▶ What to produce
All lines from the one containing "楓林小鎮(zhèn)160㎡聯(lián)排別墅新中式風格裝修案例效果圖" through the end of the material are to be given back exactly, without pictures.

START Source data

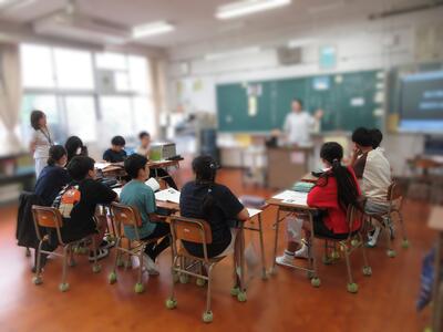4年生は班で話し合いをしています。
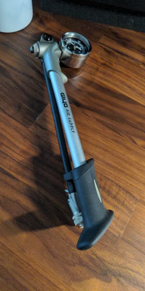Быстрая доставка. Насос соответствует описанию. Сразу капнул 5 капель масла внутрь на всякий случай, китайцы любят экономить на смазке. Попробовал качать вилку, отлично справился. накачал 220 psi, больше для моего веса не надо. Рекомендую!
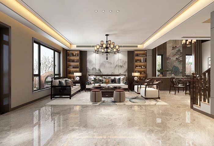 楓林小鎮(zhèn)160㎡聯(lián)排別墅新中式風格裝修案例效果圖
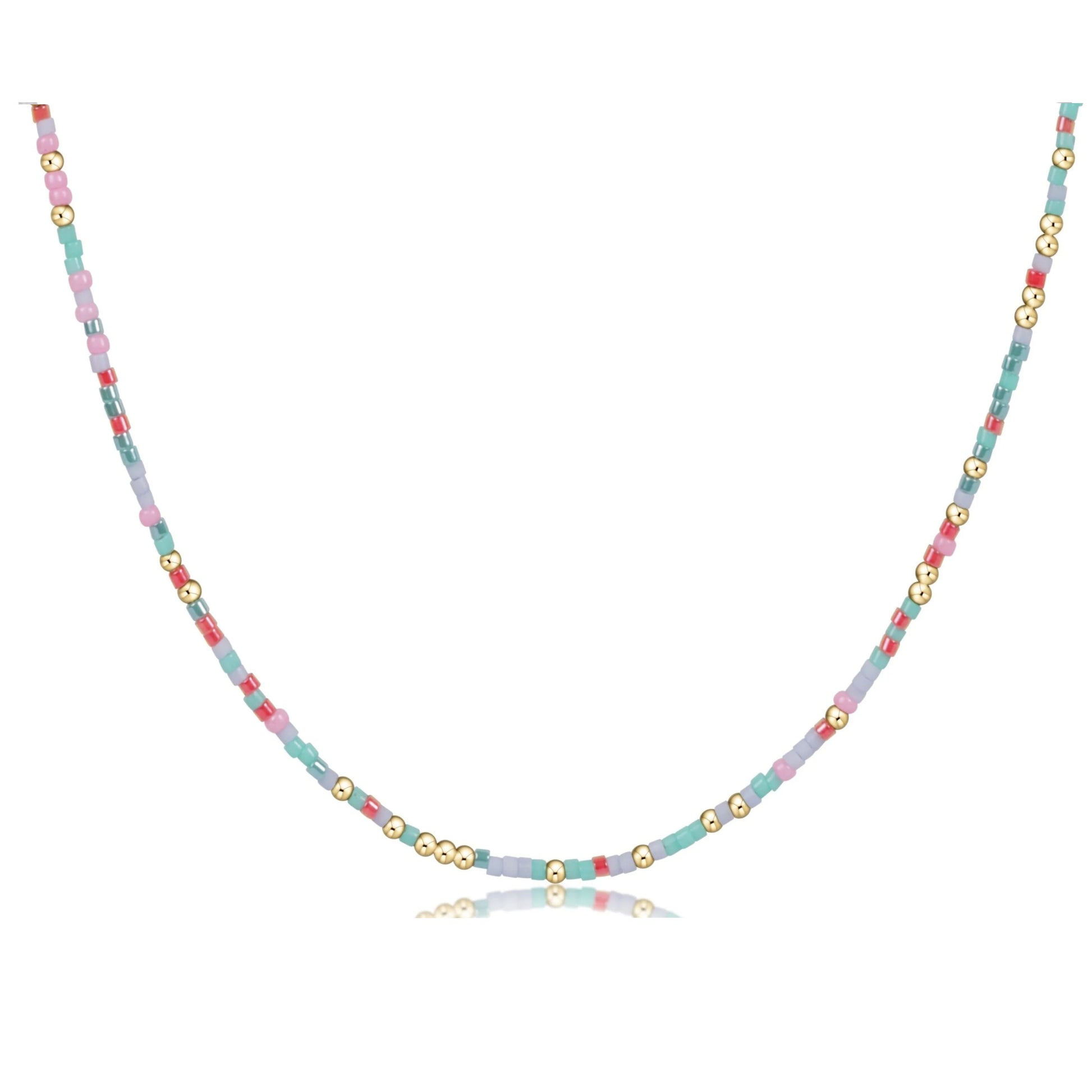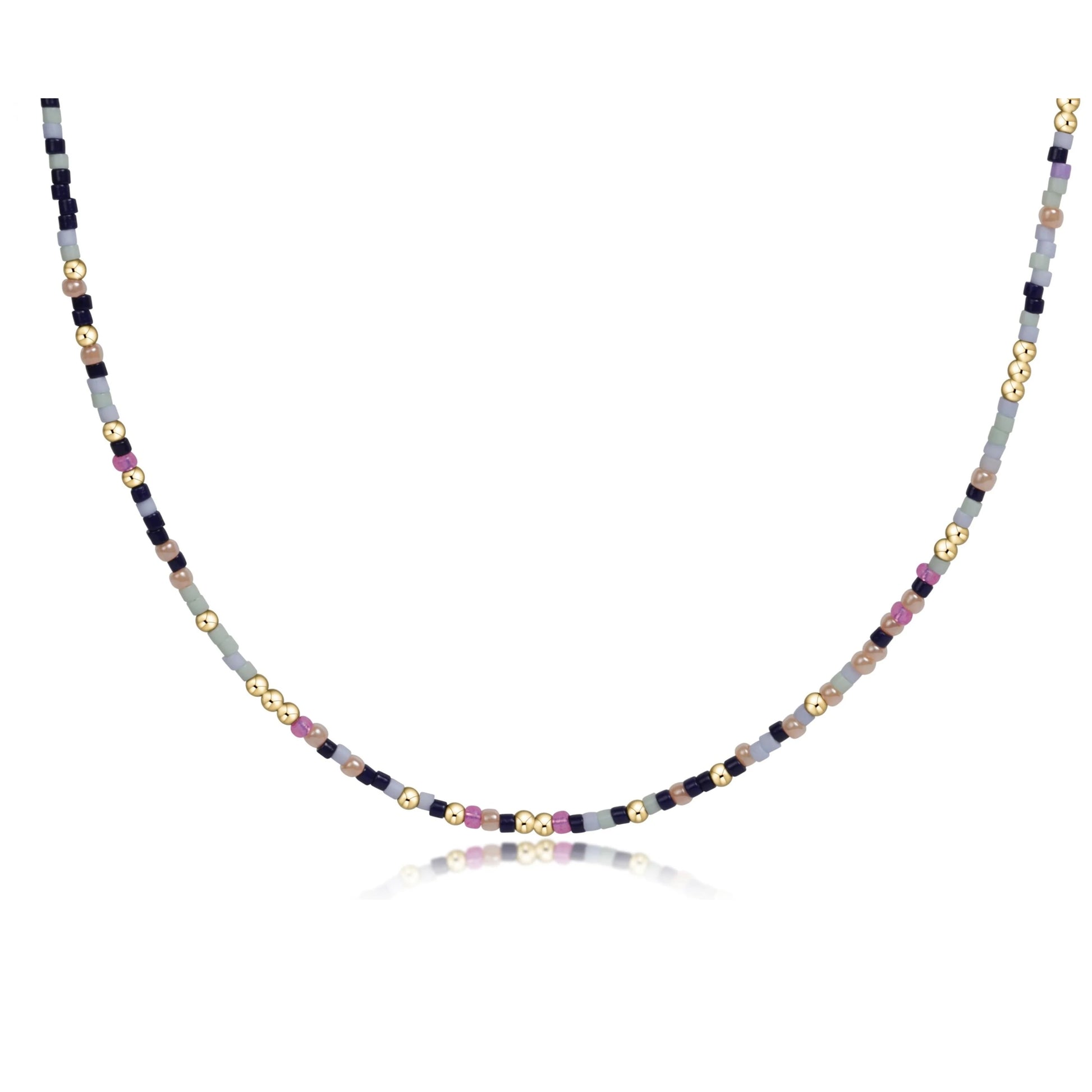 - Made with various colors of randomly mixed 2mm seed beads and 2mm 14k gold-filled beads
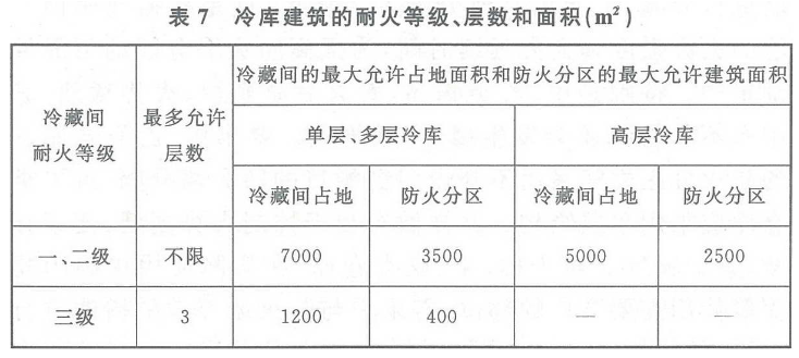 7 一、二级耐火等级冷库的最大允许占地面积和防火分区的最大允许建筑面积,应符合现行国家标准《冷库设计规范》GB 50072的规定。
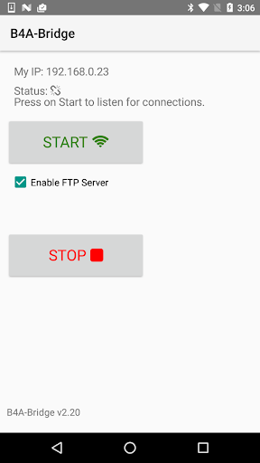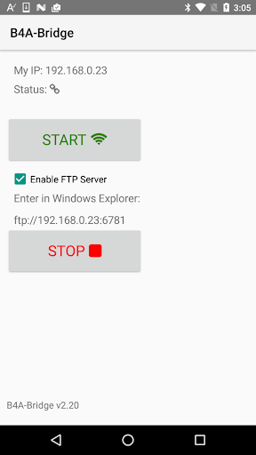 يشتمل B4A-Bridge على خادم FTP داخلي.يمكنك استخدامه لتصفح التخزين الثانوي (file.dirrootexternal) مع عميل FTP أو مستكشف Windows.
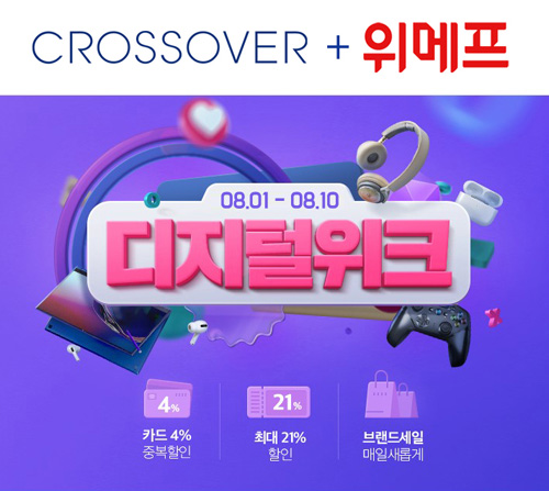 크로스오버는 인기 게이밍, 21:9 및 대화면 4K 모니터 10종을 대상으로 위메프 디지털위크 특가 할인전을 진행한다고 밝혔다.
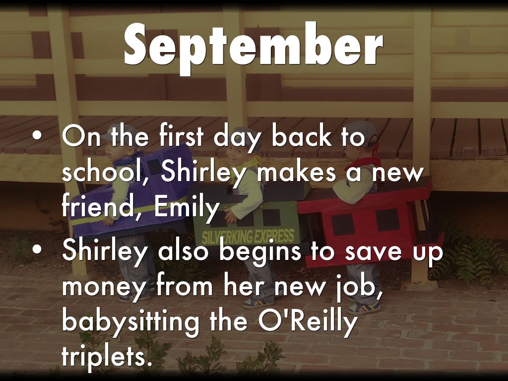 Shirley also begins to save up money from her new job, babysitting the O'Reilly triplets.
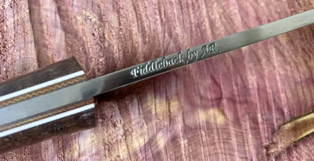 PLEASE READ: This knife information and pictures represents the actual knife sold and custom built by Fiddleback Forge. Quantity is limited and each knife is handmade making this a unqiue and hard to find.

END Source data

▶ Result
 楓林小鎮(zhèn)160㎡聯(lián)排別墅新中式風格裝修案例效果圖
 - Made with various colors of randomly mixed 2mm seed beads and 2mm 14k gold-filled beads
 7 一、二级耐火等级冷库的最大允许占地面积和防火分区的最大允许建筑面积,应符合现行国家标准《冷库设计规范》GB 50072的规定。
 يشتمل B4A-Bridge على خادم FTP داخلي.يمكنك استخدامه لتصفح التخزين الثانوي (file.dirrootexternal) مع عميل FTP أو مستكشف Windows.
 크로스오버는 인기 게이밍, 21:9 및 대화면 4K 모니터 10종을 대상으로 위메프 디지털위크 특가 할인전을 진행한다고 밝혔다.
 Shirley also begins to save up money from her new job, babysitting the O'Reilly triplets.
 PLEASE READ: This knife information and pictures represents the actual knife sold and custom built by Fiddleback Forge. Quantity is limited and each knife is handmade making this a unqiue and hard to find.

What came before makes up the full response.